── DATASET EXTRACT ──

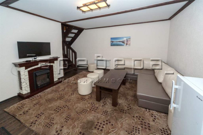 В доме на 1-ом этаже находится гостиная с камином, мягкий уголок, телевизор, кухня, холодильник, есть микроволновая печь, чайник, посуда. Санузел с душевой.
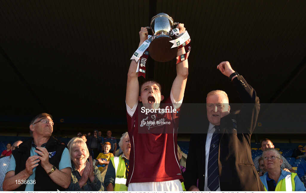 13 July 2018; Galway captain Conor Raftery lifts the cup following the Electric Ireland Connacht GAA Minor Championship Final match between Roscommon and Galway at Dr Hyde Park in Roscommon. Photo by Matt Browne/Sportsfile
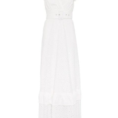 Nydelig kjole i gull som legger seg fint og har et flatterende belte i midjen.
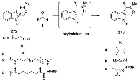 - Agarwal, P.; van der Weijden, J.; Sletten, E.M.; Rabuka, D.; Bertozzi, C.R. A Pictet-Spengler ligation for protein chemical modification. Proc. Natl. Acad. Sci. USA 2013, 110, 46–51. [Google Scholar] [CrossRef]
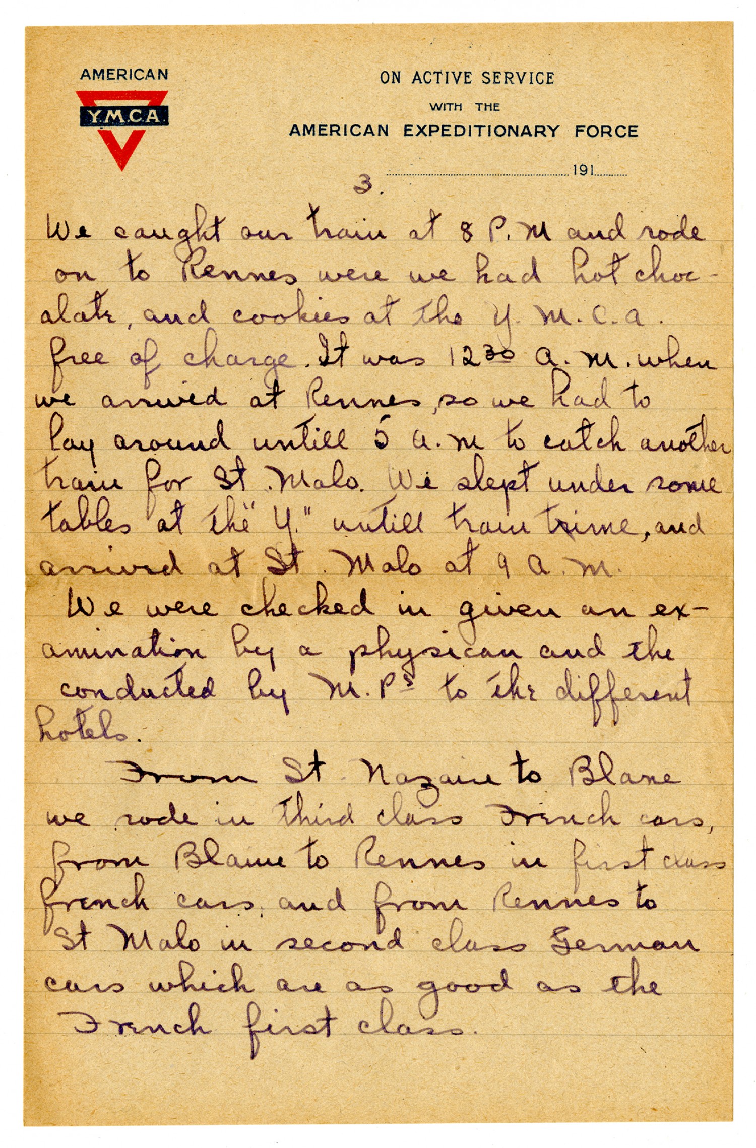 [page 3] [American Y.M.C.A. letterhead] We caught our train at 8 P.M and rode on to Rennes were we had hot chocolate, and cookies at the Y.M.C.A. free of charge. It was 1230 A.M. when we arrived at Rennes, so we had to lay around untill 5 A.M to catch another train for St. Malo. We slept under some tables at the

───

▶ **AIM OF THE TASK**
Please ensure that the data above is repeated exactly, with no pictures in the copy.

▶ **SOLVED PROBLEM**
 В доме на 1-ом этаже находится гостиная с камином, мягкий уголок, телевизор, кухня, холодильник, есть микроволновая печь, чайник, посуда. Санузел с душевой.
 13 July 2018; Galway captain Conor Raftery lifts the cup following the Electric Ireland Connacht GAA Minor Championship Final match between Roscommon and Galway at Dr Hyde Park in Roscommon. Photo by Matt Browne/Sportsfile
 Nydelig kjole i gull som legger seg fint og har et flatterende belte i midjen.
 - Agarwal, P.; van der Weijden, J.; Sletten, E.M.; Rabuka, D.; Bertozzi, C.R. A Pictet-Spengler ligation for protein chemical modification. Proc. Natl. Acad. Sci. USA 2013, 110, 46–51. [Google Scholar] [CrossRef]
 [page 3] [American Y.M.C.A. letterhead] We caught our train at 8 P.M and rode on to Rennes were we had hot chocolate, and cookies at the Y.M.C.A. free of charge. It was 1230 A.M. when we arrived at Rennes, so we had to lay around untill 5 A.M to catch another train for St. Malo. We slept under some tables at the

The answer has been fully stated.